TASK ITEM
What is needed is an exact copy of every entry below, minus the images.

(Records drawn from a dataset)
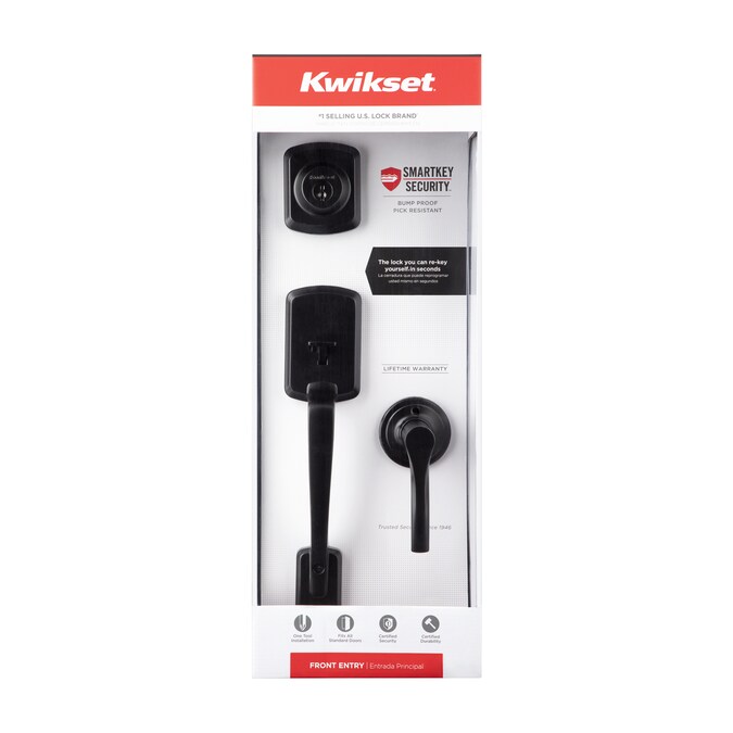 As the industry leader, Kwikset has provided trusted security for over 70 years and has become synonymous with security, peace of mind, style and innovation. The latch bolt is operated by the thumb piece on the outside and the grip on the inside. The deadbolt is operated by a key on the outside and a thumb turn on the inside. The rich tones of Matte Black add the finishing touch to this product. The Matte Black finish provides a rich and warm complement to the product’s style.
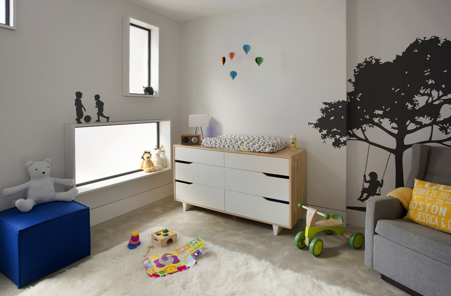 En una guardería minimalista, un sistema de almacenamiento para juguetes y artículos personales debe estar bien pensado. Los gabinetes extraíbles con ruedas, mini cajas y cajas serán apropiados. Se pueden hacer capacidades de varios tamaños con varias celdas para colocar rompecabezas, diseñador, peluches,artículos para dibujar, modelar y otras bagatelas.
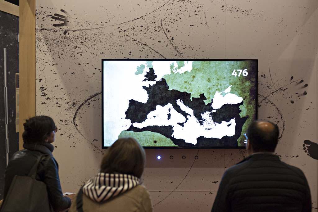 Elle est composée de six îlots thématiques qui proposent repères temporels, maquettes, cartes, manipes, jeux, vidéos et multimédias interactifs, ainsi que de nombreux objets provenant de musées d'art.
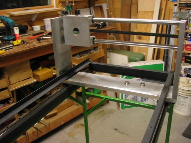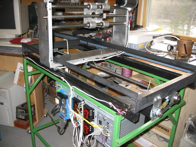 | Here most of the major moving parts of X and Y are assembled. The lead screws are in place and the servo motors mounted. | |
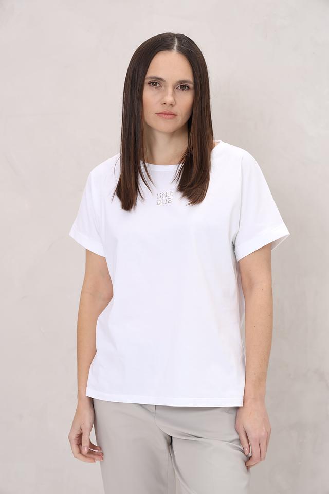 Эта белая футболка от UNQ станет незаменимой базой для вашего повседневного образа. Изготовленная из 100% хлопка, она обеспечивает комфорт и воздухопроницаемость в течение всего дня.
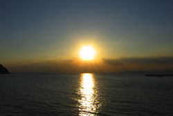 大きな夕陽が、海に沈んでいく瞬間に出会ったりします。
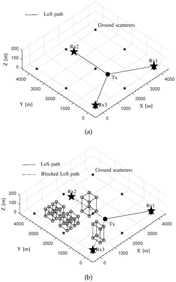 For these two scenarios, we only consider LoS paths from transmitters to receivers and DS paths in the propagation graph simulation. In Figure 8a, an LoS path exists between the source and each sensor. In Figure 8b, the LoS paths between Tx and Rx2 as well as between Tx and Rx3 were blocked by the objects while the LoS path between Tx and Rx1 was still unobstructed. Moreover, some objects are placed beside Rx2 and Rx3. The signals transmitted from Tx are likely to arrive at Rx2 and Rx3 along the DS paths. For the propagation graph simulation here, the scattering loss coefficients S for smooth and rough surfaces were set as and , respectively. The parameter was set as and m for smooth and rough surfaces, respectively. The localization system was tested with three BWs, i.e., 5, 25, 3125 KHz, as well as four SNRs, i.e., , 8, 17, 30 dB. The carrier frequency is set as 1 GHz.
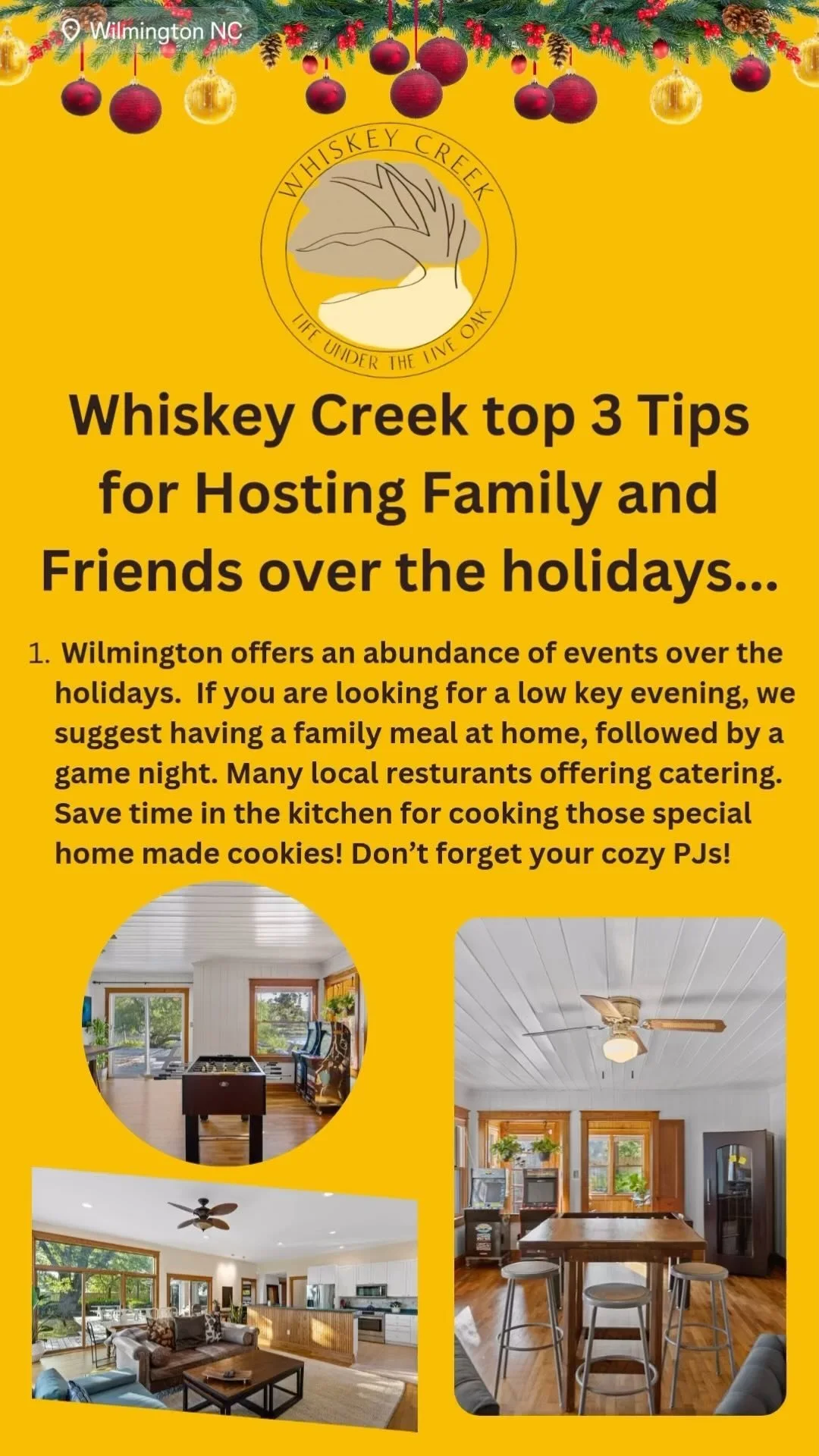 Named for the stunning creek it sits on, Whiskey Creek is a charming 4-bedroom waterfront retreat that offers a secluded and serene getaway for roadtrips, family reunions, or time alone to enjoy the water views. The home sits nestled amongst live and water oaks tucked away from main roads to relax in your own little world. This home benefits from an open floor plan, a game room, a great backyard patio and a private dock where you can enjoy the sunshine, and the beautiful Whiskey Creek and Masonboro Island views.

SOLUTION
 As the industry leader, Kwikset has provided trusted security for over 70 years and has become synonymous with security, peace of mind, style and innovation. The latch bolt is operated by the thumb piece on the outside and the grip on the inside. The deadbolt is operated by a key on the outside and a thumb turn on the inside. The rich tones of Matte Black add the finishing touch to this product. The Matte Black finish provides a rich and warm complement to the product’s style.
 En una guardería minimalista, un sistema de almacenamiento para juguetes y artículos personales debe estar bien pensado. Los gabinetes extraíbles con ruedas, mini cajas y cajas serán apropiados. Se pueden hacer capacidades de varios tamaños con varias celdas para colocar rompecabezas, diseñador, peluches,artículos para dibujar, modelar y otras bagatelas.
 Elle est composée de six îlots thématiques qui proposent repères temporels, maquettes, cartes, manipes, jeux, vidéos et multimédias interactifs, ainsi que de nombreux objets provenant de musées d'art.
 | Here most of the major moving parts of X and Y are assembled. The lead screws are in place and the servo motors mounted. | |
 Эта белая футболка от UNQ станет незаменимой базой для вашего повседневного образа. Изготовленная из 100% хлопка, она обеспечивает комфорт и воздухопроницаемость в течение всего дня.
 大きな夕陽が、海に沈んでいく瞬間に出会ったりします。
 For these two scenarios, we only consider LoS paths from transmitters to receivers and DS paths in the propagation graph simulation. In Figure 8a, an LoS path exists between the source and each sensor. In Figure 8b, the LoS paths between Tx and Rx2 as well as between Tx and Rx3 were blocked by the objects while the LoS path between Tx and Rx1 was still unobstructed. Moreover, some objects are placed beside Rx2 and Rx3. The signals transmitted from Tx are likely to arrive at Rx2 and Rx3 along the DS paths. For the propagation graph simulation here, the scattering loss coefficients S for smooth and rough surfaces were set as and , respectively. The parameter was set as and m for smooth and rough surfaces, respectively. The localization system was tested with three BWs, i.e., 5, 25, 3125 KHz, as well as four SNRs, i.e., , 8, 17, 30 dB. The carrier frequency is set as 1 GHz.
 Named for the stunning creek it sits on, Whiskey Creek is a charming 4-bedroom waterfront retreat that offers a secluded and serene getaway for roadtrips, family reunions, or time alone to enjoy the water views. The home sits nestled amongst live and water oaks tucked away from main roads to relax in your own little world. This home benefits from an open floor plan, a game room, a great backyard patio and a private dock where you can enjoy the sunshine, and the beautiful Whiskey Creek and Masonboro Island views.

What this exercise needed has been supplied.